Task material ->
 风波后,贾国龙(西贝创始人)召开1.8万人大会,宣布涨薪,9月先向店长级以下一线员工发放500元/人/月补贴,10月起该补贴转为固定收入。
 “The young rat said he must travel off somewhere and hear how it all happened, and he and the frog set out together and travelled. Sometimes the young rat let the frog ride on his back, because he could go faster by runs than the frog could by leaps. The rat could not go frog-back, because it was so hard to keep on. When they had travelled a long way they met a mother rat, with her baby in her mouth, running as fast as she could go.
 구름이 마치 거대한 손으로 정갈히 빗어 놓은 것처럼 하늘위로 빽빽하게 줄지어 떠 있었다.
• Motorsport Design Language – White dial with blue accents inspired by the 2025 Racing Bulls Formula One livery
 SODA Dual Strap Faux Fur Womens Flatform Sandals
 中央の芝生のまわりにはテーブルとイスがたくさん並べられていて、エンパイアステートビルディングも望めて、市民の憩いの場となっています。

...

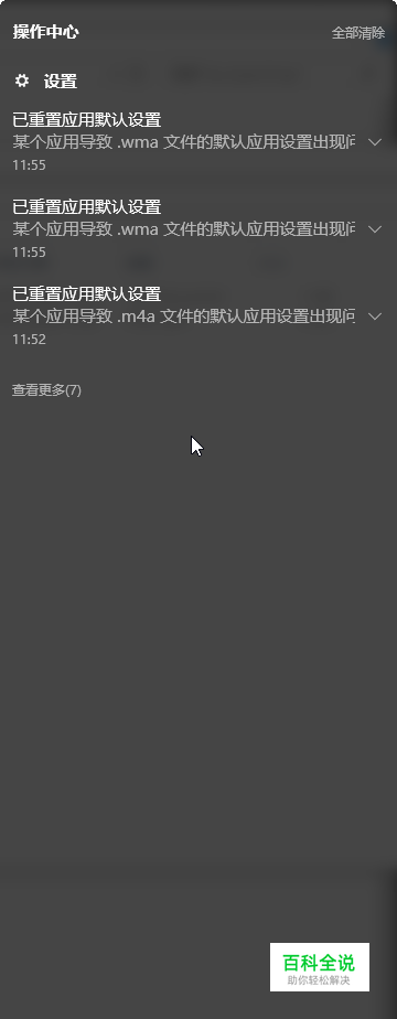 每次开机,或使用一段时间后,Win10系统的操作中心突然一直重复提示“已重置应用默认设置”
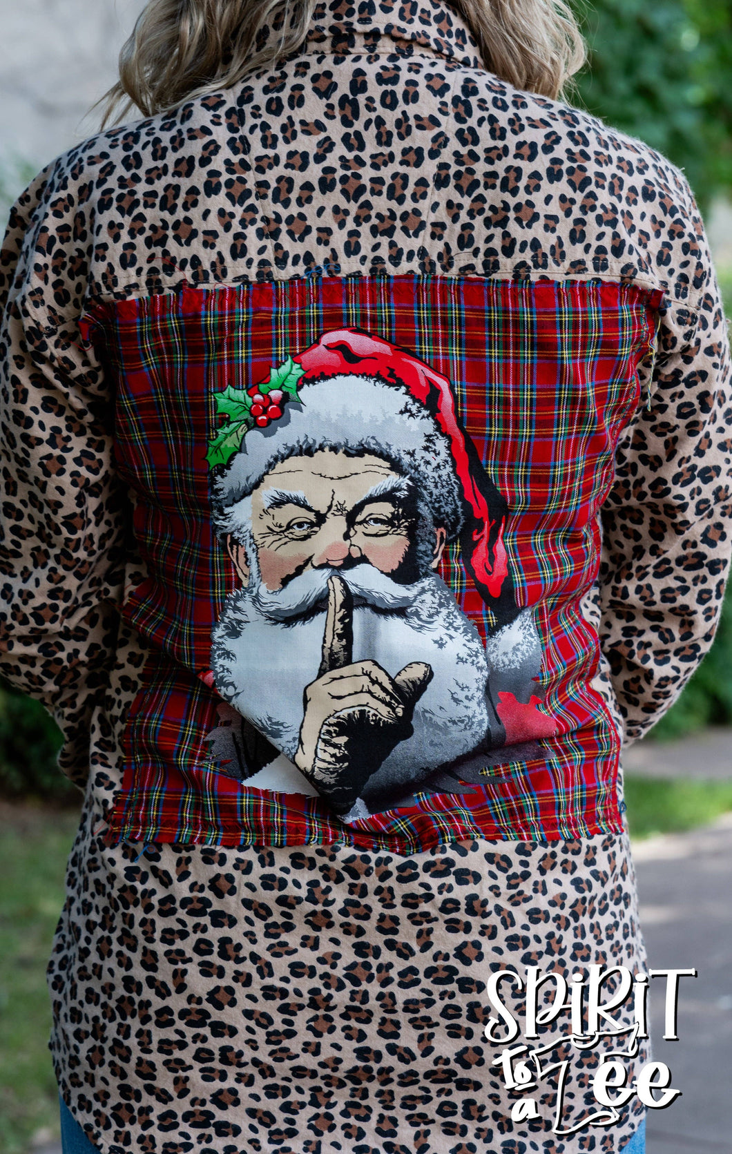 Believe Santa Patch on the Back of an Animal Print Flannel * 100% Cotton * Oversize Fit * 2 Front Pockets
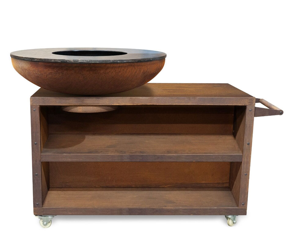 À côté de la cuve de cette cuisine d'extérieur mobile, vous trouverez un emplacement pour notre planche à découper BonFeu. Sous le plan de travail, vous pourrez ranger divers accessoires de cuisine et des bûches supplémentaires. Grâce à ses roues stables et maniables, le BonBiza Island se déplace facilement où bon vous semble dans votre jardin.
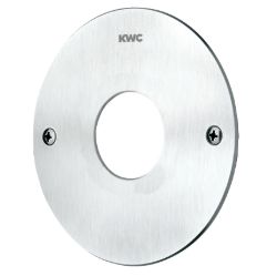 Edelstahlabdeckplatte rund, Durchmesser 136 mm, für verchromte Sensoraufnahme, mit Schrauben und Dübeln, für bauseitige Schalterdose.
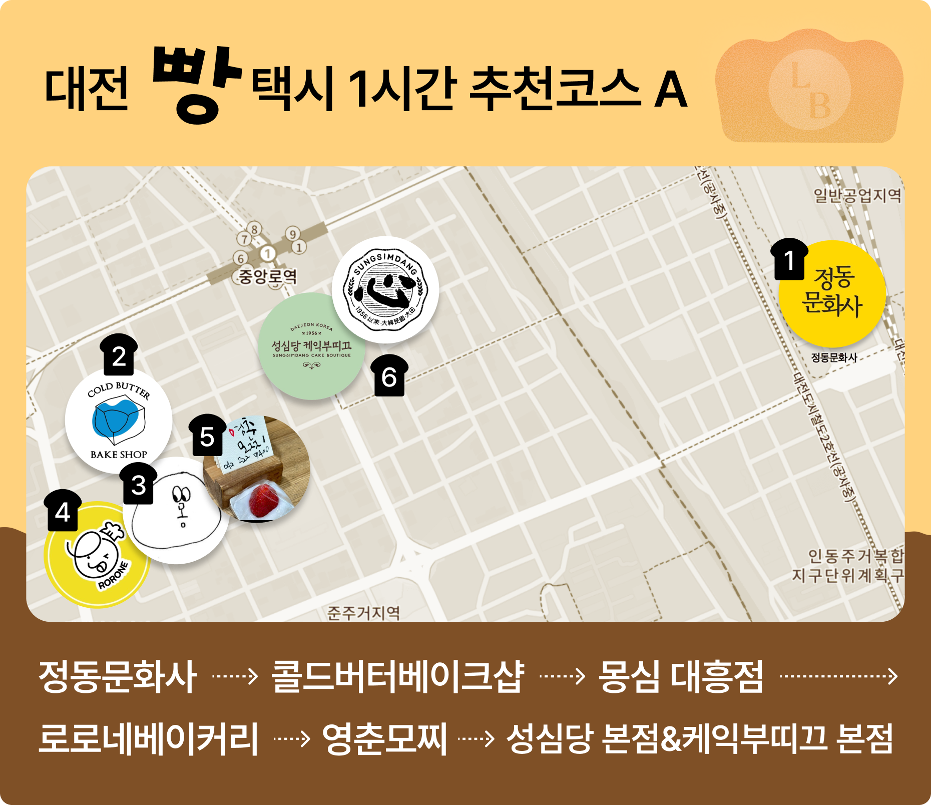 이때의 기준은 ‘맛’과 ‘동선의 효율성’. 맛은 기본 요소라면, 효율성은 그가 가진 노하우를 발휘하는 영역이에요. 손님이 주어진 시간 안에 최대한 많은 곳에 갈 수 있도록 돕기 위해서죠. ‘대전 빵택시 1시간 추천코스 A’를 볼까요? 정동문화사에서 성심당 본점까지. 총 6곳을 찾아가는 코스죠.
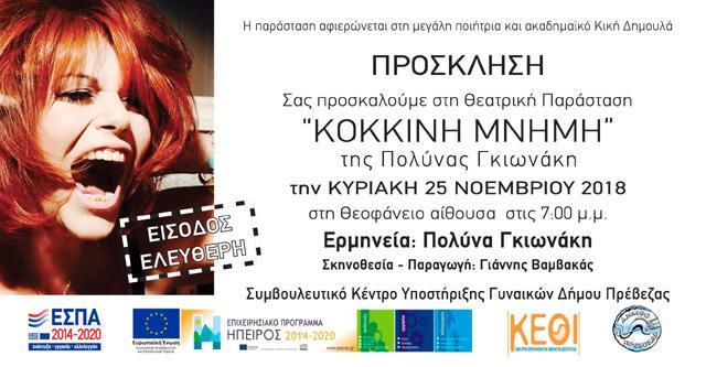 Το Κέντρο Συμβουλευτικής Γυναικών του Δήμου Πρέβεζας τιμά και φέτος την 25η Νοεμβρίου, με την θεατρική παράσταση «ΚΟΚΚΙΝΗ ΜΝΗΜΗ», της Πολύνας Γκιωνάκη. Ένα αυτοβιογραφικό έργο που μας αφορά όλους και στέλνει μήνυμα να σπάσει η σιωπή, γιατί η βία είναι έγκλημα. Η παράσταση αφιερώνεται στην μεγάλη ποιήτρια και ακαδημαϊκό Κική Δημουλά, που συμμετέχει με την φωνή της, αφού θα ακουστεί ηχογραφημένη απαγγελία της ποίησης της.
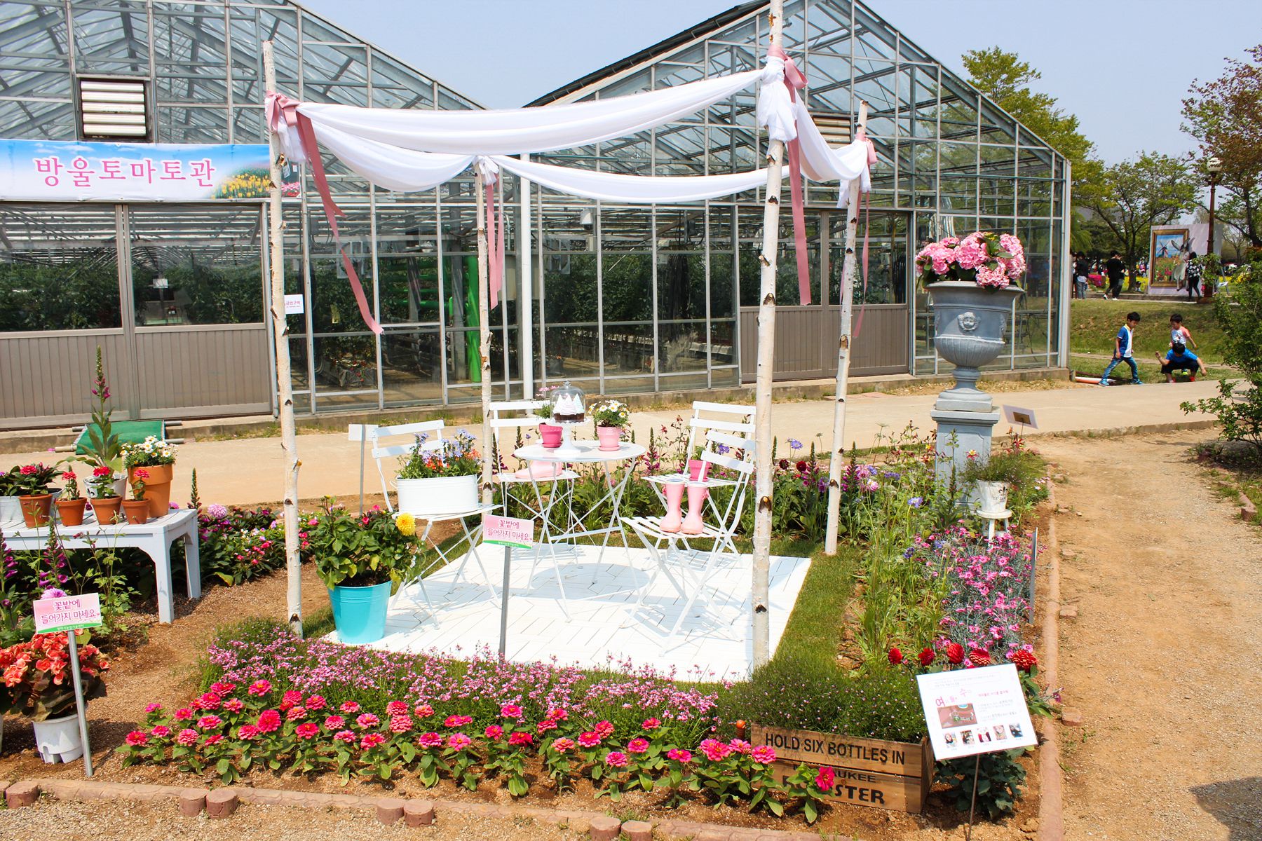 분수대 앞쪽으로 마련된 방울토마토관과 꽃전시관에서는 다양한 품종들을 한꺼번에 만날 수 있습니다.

...

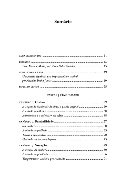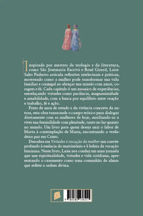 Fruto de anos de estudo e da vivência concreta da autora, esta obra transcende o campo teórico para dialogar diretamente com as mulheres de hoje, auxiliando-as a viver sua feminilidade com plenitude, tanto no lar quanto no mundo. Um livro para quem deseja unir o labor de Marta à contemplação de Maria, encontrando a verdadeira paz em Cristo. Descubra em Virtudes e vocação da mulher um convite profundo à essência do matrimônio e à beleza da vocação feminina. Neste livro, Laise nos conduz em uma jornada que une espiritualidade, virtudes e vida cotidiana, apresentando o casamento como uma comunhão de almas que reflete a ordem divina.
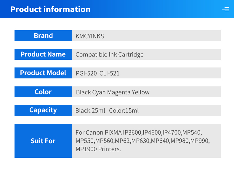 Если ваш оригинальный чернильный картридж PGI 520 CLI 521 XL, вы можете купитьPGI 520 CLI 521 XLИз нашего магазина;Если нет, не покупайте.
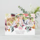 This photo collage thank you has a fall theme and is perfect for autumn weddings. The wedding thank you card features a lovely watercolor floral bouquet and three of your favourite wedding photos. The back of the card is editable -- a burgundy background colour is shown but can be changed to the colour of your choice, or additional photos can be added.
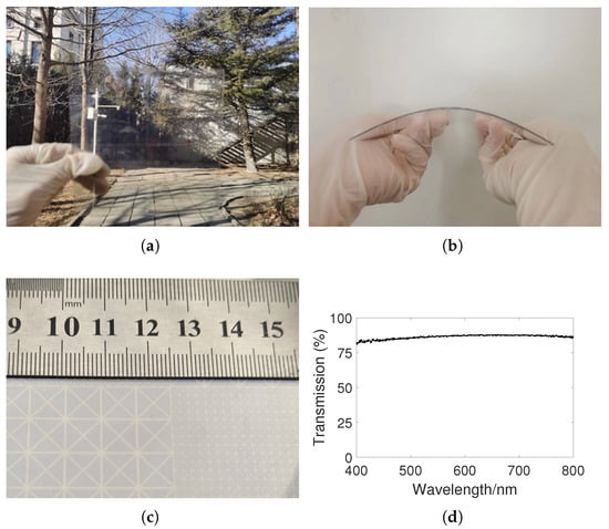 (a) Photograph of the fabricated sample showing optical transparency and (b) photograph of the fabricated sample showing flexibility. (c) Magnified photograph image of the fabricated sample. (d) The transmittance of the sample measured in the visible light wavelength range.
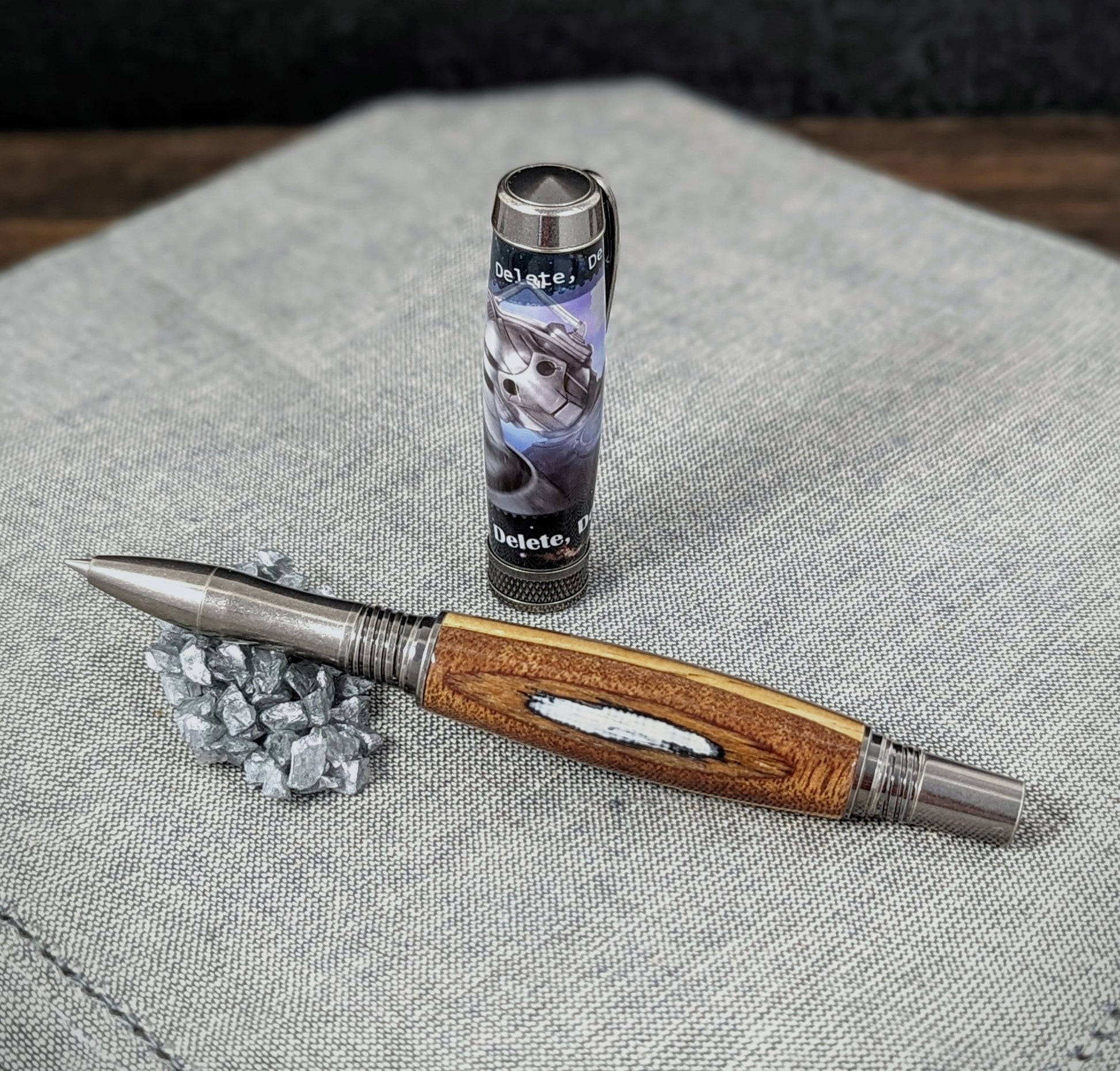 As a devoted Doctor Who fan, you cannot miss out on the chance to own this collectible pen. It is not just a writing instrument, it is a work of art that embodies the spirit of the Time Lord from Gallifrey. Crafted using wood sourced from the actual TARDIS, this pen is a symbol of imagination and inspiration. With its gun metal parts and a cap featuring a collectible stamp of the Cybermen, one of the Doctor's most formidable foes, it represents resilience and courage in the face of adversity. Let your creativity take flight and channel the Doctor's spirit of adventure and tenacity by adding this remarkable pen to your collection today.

Task prompt -> Keeping every character as it is, restate the lines above that run from the line with "구름이 마치 거대한 손으로" through the line with "SODA Dual Strap", both included, and nothing else.

Response to the task ->
 구름이 마치 거대한 손으로 정갈히 빗어 놓은 것처럼 하늘위로 빽빽하게 줄지어 떠 있었다.
• Motorsport Design Language – White dial with blue accents inspired by the 2025 Racing Bulls Formula One livery
 SODA Dual Strap Faux Fur Womens Flatform Sandals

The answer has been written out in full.